Ano de eleição: quando tudo “funciona” e as promessas voltam do freezer

Por Paulo Sergio de Carvalho 16/12/2025 - 08:56 hs
Foto: PSC JORNALISMO VERDADE
Ano de eleição: quando tudo “funciona” e as promessas voltam do freezer
Ano de eleição: quando tudo “funciona” e as promessas voltam do freezer

É quase um ritual da política brasileira: basta o calendário eleitoral se aproximar para que o país entre, ao menos no discurso, em um estado de pleno funcionamento.

Obras reaparecem, programas ganham novo fôlego, anúncios se multiplicam e promessas antigas, muitas delas esquecidas ao longo de quatro anos, voltam a ser requentadas como se fossem novidades.

Em 2026, o Brasil viverá mais uma eleição geral. Estarão em disputa a Presidência da República, dois terços do Senado (dois senadores por estado), a Câmara Federal, as Assembleias Legislativas e os governos estaduais. Um cardápio amplo, que naturalmente aquece os bastidores e acirra narrativas — sobretudo de quem está no poder.
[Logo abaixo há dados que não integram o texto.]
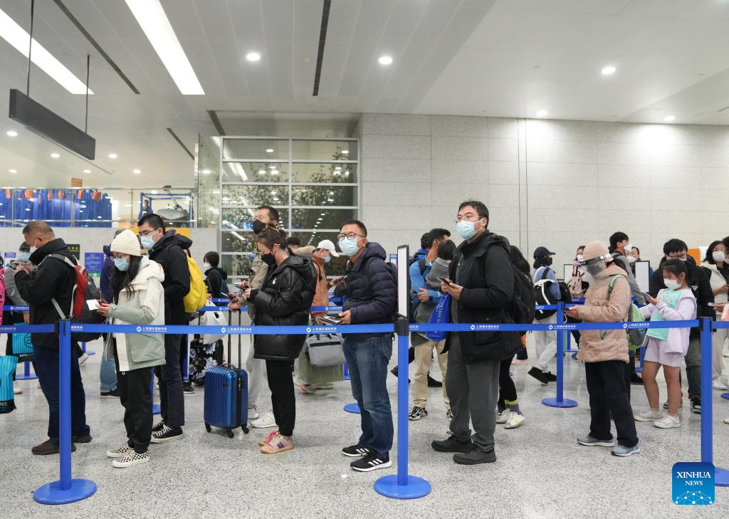 Passengers queue up to go through entry procedures at Shanghai Pudong International Airport in east China's Shanghai, Jan. 8, 2023. From Sunday, China starts managing COVID-19 with measures designed for combating Class B infectious diseases, instead of Class A infectious diseases. (Xinhua/Ding Ting)
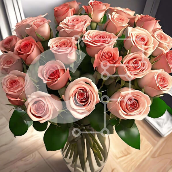 Intra Συλλεκτικό Ξύλινο Παζλ Plywood 4mm – Βάζο με ροζ τριαντάφυλλα, παιώνιες, γαρύφαλλα και μαργαρίτες ζέρμπερα σε ξύλινο τραπέζι Σε Ξύλινο Κουτί – Διαστάσεις: 10×10 cm – 25 κομμάτια
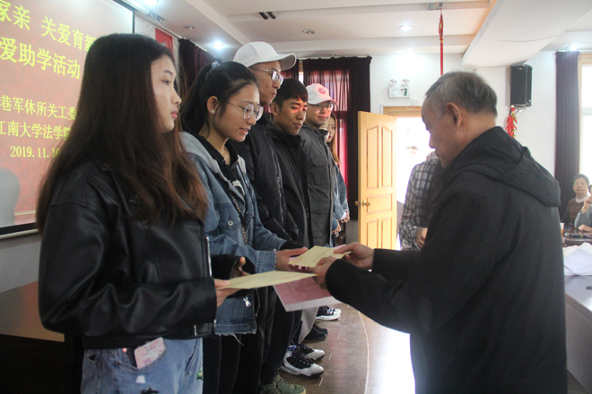 最后,少数民族学生代表游义发言,对法学院少数民族学生的学习生活进行汇报,同时表示:“我们与钱巷军休所的结缘对我们每位同学而言意义非凡。你们不仅帮助我们改善我们的物资生活。而且也关注我们的学业生活,关注我们的身心发展问题,抽空在节假日或者空闲时间来看望我们,传递爱心,让已在他乡的我们感觉到有那么一群人在默默的关心着我们、关爱着我们,让我们感到倍加的温暖。你们的小善举,温暖我们一大群。今后我们会更加努力提高自己各方面的能力,以自己优异的成绩报答钱巷军休所对他们的关怀和付出。同时,在接受你们帮助的同时,将这份爱继续传递帮助更多的人,回馈社会、报效祖国。”
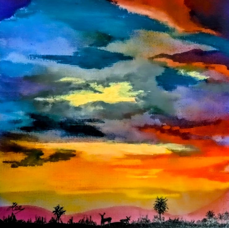 I love experimenting with colour, and really liked the contrast between the vivid sunset and the deeply shadowed trees and animals at the bottom of the picture. Originally intended to be presented on a wooden stand, it became clear that wasn't an option once I had finished the painting, as the Deer and the trees were too near the edge! My fantastic framer has worked her magic and the entire painting is visible in the frame. I think the gold colour really complements the colours in the painting. It would make a nice pop of colour on any wall.

Nessa época, governantes tentam convencer a população de que vivemos “as mil maravilhas”, de que tudo funciona a pleno vapor e de que os problemas históricos finalmente estão sendo enfrentados. O que muitos esquecem — ou preferem que o eleitor esqueça — é que essas mesmas promessas já foram feitas no início do mandato e, passados quatro anos, não se concretizaram. O remédio, então, é reapresentar o discurso, agora com urgência eleitoral.


No Ceará, dois exemplos são emblemáticos e tocam em feridas sensíveis da atual gestão estadual: saúde e segurança pública.
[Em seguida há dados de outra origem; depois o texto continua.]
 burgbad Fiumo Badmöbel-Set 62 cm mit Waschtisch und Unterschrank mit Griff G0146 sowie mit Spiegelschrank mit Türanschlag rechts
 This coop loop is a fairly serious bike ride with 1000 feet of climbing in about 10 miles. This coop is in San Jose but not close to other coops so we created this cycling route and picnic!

Na saúde, a promessa do governador Elmano de Freitas (PT) de zerar as filas de cirurgias eletivas não se concretizou no tempo anunciado. Agora, nos momentos finais do mandato, o governo tenta “dar um gás”, ampliando atendimentos para reduzir uma demanda que segue quilométrica.

A iniciativa é necessária, sem dúvida, mas não apaga o fato de que a promessa não foi cumprida no prazo e só ganhou tração real às vésperas do ano eleitoral.


Já na segurança pública, a situação é ainda mais delicada. O discurso firme e o tom duro adotados pelo governador no início da gestão soaram como sinal de que o Estado retomaria o controle. Na prática, porém, muitos avaliam que o governo “perdeu a mão”.

A criminalidade cresceu, o Ceará passou a figurar entre os estados mais violentos do país e chegou a ter um município, Maranguape, no topo do ranking das cidades mais perigosas do Brasil. O contraste entre retórica e realidade pesa — e muito — no julgamento do eleitor.

Enquanto isso, os bastidores da política cearense fervilham. Pré-candidatos se movimentam, disputam espaço, inclusive dentro dos próprios partidos e coligações, e testam seus nomes junto ao eleitorado. Até o momento, apenas o senador Eduardo Girão (NOVO) e o governador Elmano de Freitas (PT) se declararam oficialmente pré-candidatos ao governo do Estado em 2026.

Curiosamente, ambos aparecem atrás nas pesquisas de um nome que ainda sequer confirmou se entrará na disputa: o ex-governador e ex-ministro Ciro Gomes, hoje no PSDB. Enquetes e levantamentos informais que pipocam pelo Ceará inteiro apontam Ciro como favorito, inclusive com possibilidade de vitória ainda no primeiro turno, caso decida concorrer.


Nos municípios, a engrenagem também começa a girar. As articulações para deputado federal e estadual ganham corpo, embora muitas definições fiquem para um pouco mais à frente. O mesmo vale para as chapas majoritárias: Senado, Governo do Estado e Presidência da República ainda terão capítulos decisivos a serem escritos.

Uma coisa, no entanto, parece certa e conhecida do eleitor mais atento: em ano de eleição, tudo anda mais rápido, tudo aparece mais bonito e tudo “funciona melhor”.

O desafio da população é não se deixar levar apenas pelo brilho momentâneo das promessas recicladas e lembrar que governar bem não é correr no último ano, mas cumprir o que foi prometido desde o primeiro dia de mandato.